Dabei ist der aktuelle Gesetzentwurf für Unternehmen, die bereits jahrelang Verantwortung für ihre Lieferketten übernehmen, nicht weitreichend genug...

„Die künstliche Beschränkung auf die großen Unternehmen trägt aktiv dazu bei, dass KMU sich nicht das notwendige Lieferkettenmanagement als moderne Business-Disziplin aneignen“, macht Antje von Dewitz (VAUDE) deutlich. Dabei wäre der Aufbau dieser Kompetenz ein wichtiger Schritt in Richtung Zukunftsfähigkeit, da moderne Konsument:innen das heute bereits von den Firmen erwarten...

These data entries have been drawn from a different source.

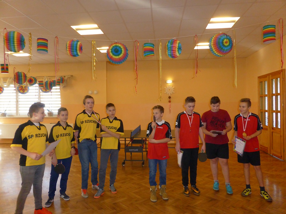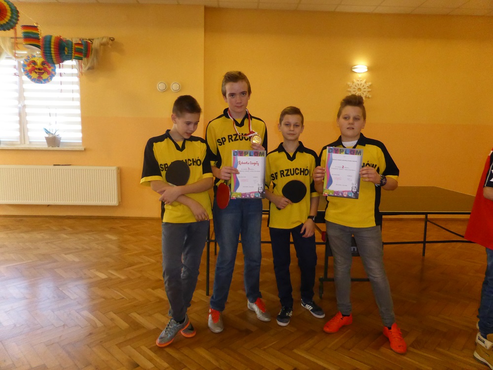 15 stycznia 2018 r. w sali GOK w Rzuchowie odbył się Gminny Turniej Tenisa Stołowego dla uczniów szkół podstawowych. W zawodach wystartowali najlepsi zawodnicy wcześniej wyłonieni w ramach zajęć UKS prowadzonych w szkołach. I miejsce uzyskała Szkoła Podstawowa w Pogrzebieniu, II miejsce - Szkoła Podstawowa w Rzuchowie, a III miejsce - Szkoła Podstawowa w Kobyli. Najlepszymi zawodnikami okazali się: Pascal Baron z Pogrzebienia, który wywalczył złoty medal, srebro otrzymał Adam Melc również z Pogrzebienia, a brąz - Robert Czogała z Rzuchowa. Szkołę w Pogrzebieniu reprezentowali zawodnicy w składzie: Pascal Baron, Adam Melc, Michał Zając, Wiktor Karasiewicz. Szkołę w Kobyli - bracia Adam i Piotr Scheithauer, Oliwier Kowacz, Bartosz Kura. Szkołę w Rzuchowie - Mikołaj Mentel, Jakub Trepiak, Jakub Mrozek i Robert Czogała. Wszystkim zawodnikom gratulujemy wysokiego poziomu gry i życzymy dalszych sukcesów.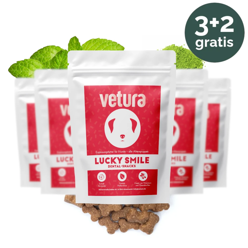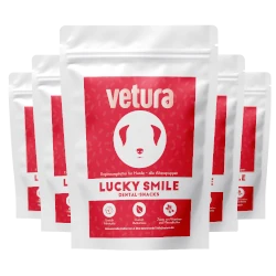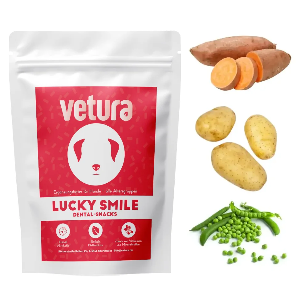 Unseren leckeren Lucky Smile Zahnpflege Leckerlis enthalten alles, was eine gesunde Hunde-Schnauze braucht. Mit natürlichen Zutaten unterstützen sie starke Zähne, reduzieren Zahnstein und verleihen einen frischen Atem. – Frei von Konservierungsstoffen, Farbstoffen, Geschmacksverstärker, Getreide, Gluten und Gen-Technik.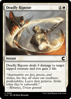 Deadly Riposte deals 3 damage to target tapped creature and you gain 2 life.

Beatrace Angut Oola, Gründerin der Online-Vernetzungs- und Informationsplattform Fashion Africa Now [...] spricht sich ebenfalls für Gerechtigkeit in der Lieferkette aus: „Wenn wir über gerechte Lieferketten sprechen, muss unser Blick sehr viel weiter reichen als nur bis zu den direkten Zulieferern von Unternehmen. Deshalb muss ein Lieferkettengesetz auch die komplette Lieferkette umfassen. Sonst laufen wir Gefahr, dass diejenigen im Globalen Süden, die aktuell am meisten Diskriminie­rung und Ausbeutung erfahren, nicht von diesem Gesetz geschützt werden.“

Ebenfalls gestärkt werden müssen aus Sicht des BNW die Standards zum Umweltschutz, die im derzeitigen Entwurf eine untergeordnete Rolle spielen und erst dann relevant werden, wenn sie sich unmittelbar auf Menschenrechte auswirken. Dazu Enrico Rima, Gründer des nachhaltigen Stoffanbieters Lebenskleidung und BNW-Vorstandsmitglied: „Das Lieferkettengesetz muss zu Umweltstandards verpflichten, denn eine Missachtung wird zwangsläufig dazu führen, dass Menschen unter unzumutbaren Bedingungen leben und arbeiten müssen.“

Im Europaparlament stimmten 504 von 695 Parlamentarier:innen für den sog. „Legislativbericht über menschenrechtliche und umweltbezogene Sorgfaltspflichten von Unternehmen“. BNW-Geschäftsführerin Dr. Katharina Reuter dazu: „Inhaltlich geht das weit über den deutschen Entwurf hinaus. Der EU-Bericht beinhaltet die Einbeziehung von weitaus mehr Unternehmen, beantwortet mehr Umweltfragen und umfasst Bestimmungen zur zivilrechtlichen Haftung – allesamt Punkte, die auf Druck von BDI, BDA und DIHK aus dem deutschen Gesetzesentwurf gestrichen wurden.” Reuter weiter: „Auch das deutsche Lieferkettengesetz muss dafür sorgen, dass die unternehmerische Verantwortung künftig nicht mehr auf dem Betriebsgelände endet, sondern die ganze Wertschöpfungskette umfasst.”

Der BNW ruft weitere Unternehmer:innen auf, unter dem Hashtag #transparenteswirtschaften zu erklären, wieso das Lieferkettengesetz zu transparenterem Wirtschaften führt.